WORK ORDER: Without the pictures, restate all of the data below word for word.

Records from a data collection:
-- Opening Marker --

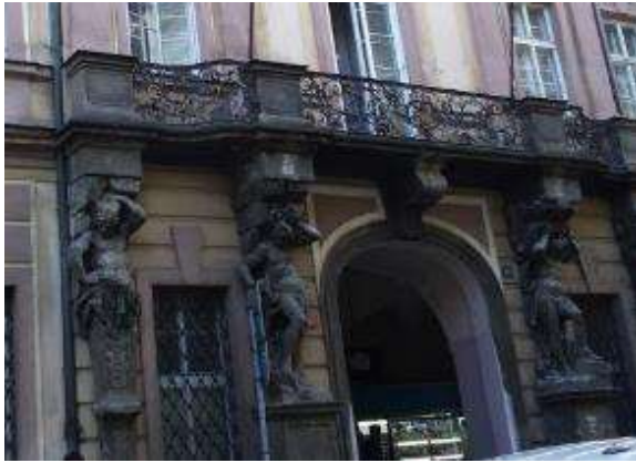
Plastiky Ignáce Platzera na Nové mincovně
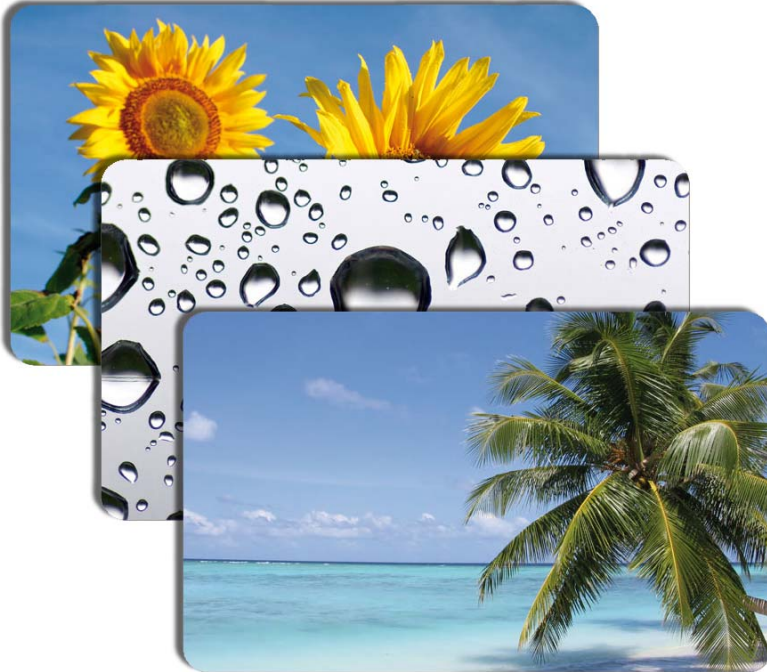
Frühstücksbrettchen Art-Nr. WX200
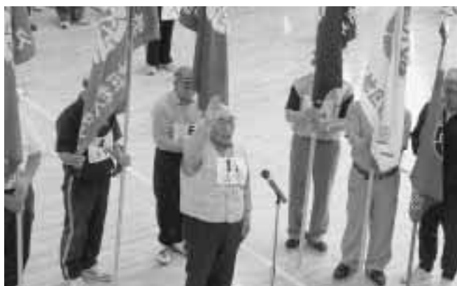
平成20年度いきいきシルバースポーツ大会選手宣誓
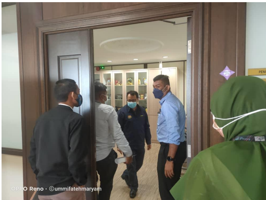
Lawatan dan di Bilik Pengarah JANMPP
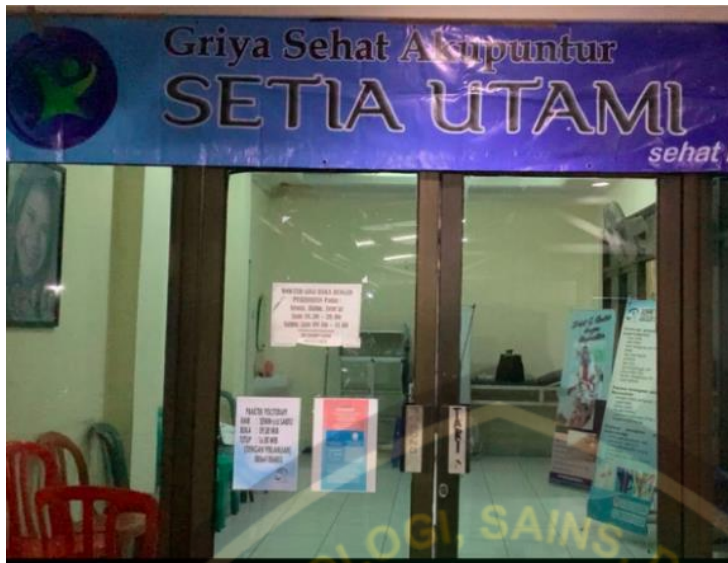
Tampak Depan Griya Sehat "SU"
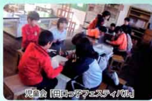
児童会「田口っ子フェスティバル」
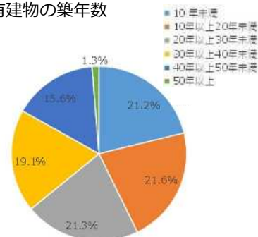
区分所有建物の築年数

マンション個々が抱えている問題を解消するため、適正な維持修繕の重要性や、支援制度について周知・啓発が必要な状況にあります。
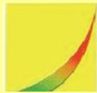
（二）第 2 個圖像
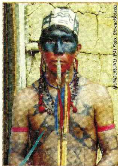
MUNDURUKU (PA)

Secretaria Técnica do PPTAL FUNDAÇÃO NACIONAL DO ÍNDIO- FUNAI 702/ 902 SUL EDIFÍCIO LEX TERCEIRO ANDAR. CEP 70390-025 BRASÍLIA- DF TEL: 0XX61 - 226 750 e-mail: Pptal@funai.gov.br
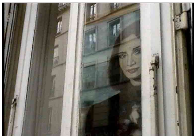
Chats Perchés, Chris Marker

Guillaume va ser un gat de veritat que em va adoptar, que va ser el meu conseller, el meu amic íntim, el meu company, el meu inseparable i l'única persona a la qual deixava estar al meu costat mentre muntava. Per la direcció de les seves orelles veia si estava d'acord o no amb el que feia. I després se'n va anar al paradís dels gats. Un temps després se'm va aparèixer en la forma d'un fantasma. Tenia moltes ganes d'intervenir i sobretot tenia idees. Al matí, quan escoltava les notícies, arribava amb una bafarada de tira còmica i era ell qui se situava així en l'actualitat. Jo no sóc més que el seu mitjà. Doctor Jeckyll i Mister Hyde. Guillaume és tot el que jo no sóc: fanfarró, intervencionista, exhibicionista, no demana sinó que es parli d'ell. Ens vam complementar perfectament.

-- Closing Marker --

EXPECTED OUTPUT:
Plastiky Ignáce Platzera na Nové mincovně
Frühstücksbrettchen Art-Nr. WX200
平成20年度いきいきシルバースポーツ大会選手宣誓
Lawatan dan di Bilik Pengarah JANMPP
Tampak Depan Griya Sehat "SU"
児童会「田口っ子フェスティバル」
区分所有建物の築年数

マンション個々が抱えている問題を解消するため、適正な維持修繕の重要性や、支援制度について周知・啓発が必要な状況にあります。
（二）第 2 個圖像
MUNDURUKU (PA)

Secretaria Técnica do PPTAL FUNDAÇÃO NACIONAL DO ÍNDIO- FUNAI 702/ 902 SUL EDIFÍCIO LEX TERCEIRO ANDAR. CEP 70390-025 BRASÍLIA- DF TEL: 0XX61 - 226 750 e-mail: Pptal@funai.gov.br
Chats Perchés, Chris Marker

Guillaume va ser un gat de veritat que em va adoptar, que va ser el meu conseller, el meu amic íntim, el meu company, el meu inseparable i l'única persona a la qual deixava estar al meu costat mentre muntava. Per la direcció de les seves orelles veia si estava d'acord o no amb el que feia. I després se'n va anar al paradís dels gats. Un temps després se'm va aparèixer en la forma d'un fantasma. Tenia moltes ganes d'intervenir i sobretot tenia idees. Al matí, quan escoltava les notícies, arribava amb una bafarada de tira còmica i era ell qui se situava així en l'actualitat. Jo no sóc més que el seu mitjà. Doctor Jeckyll i Mister Hyde. Guillaume és tot el que jo no sóc: fanfarró, intervencionista, exhibicionista, no demana sinó que es parli d'ell. Ens vam complementar perfectament.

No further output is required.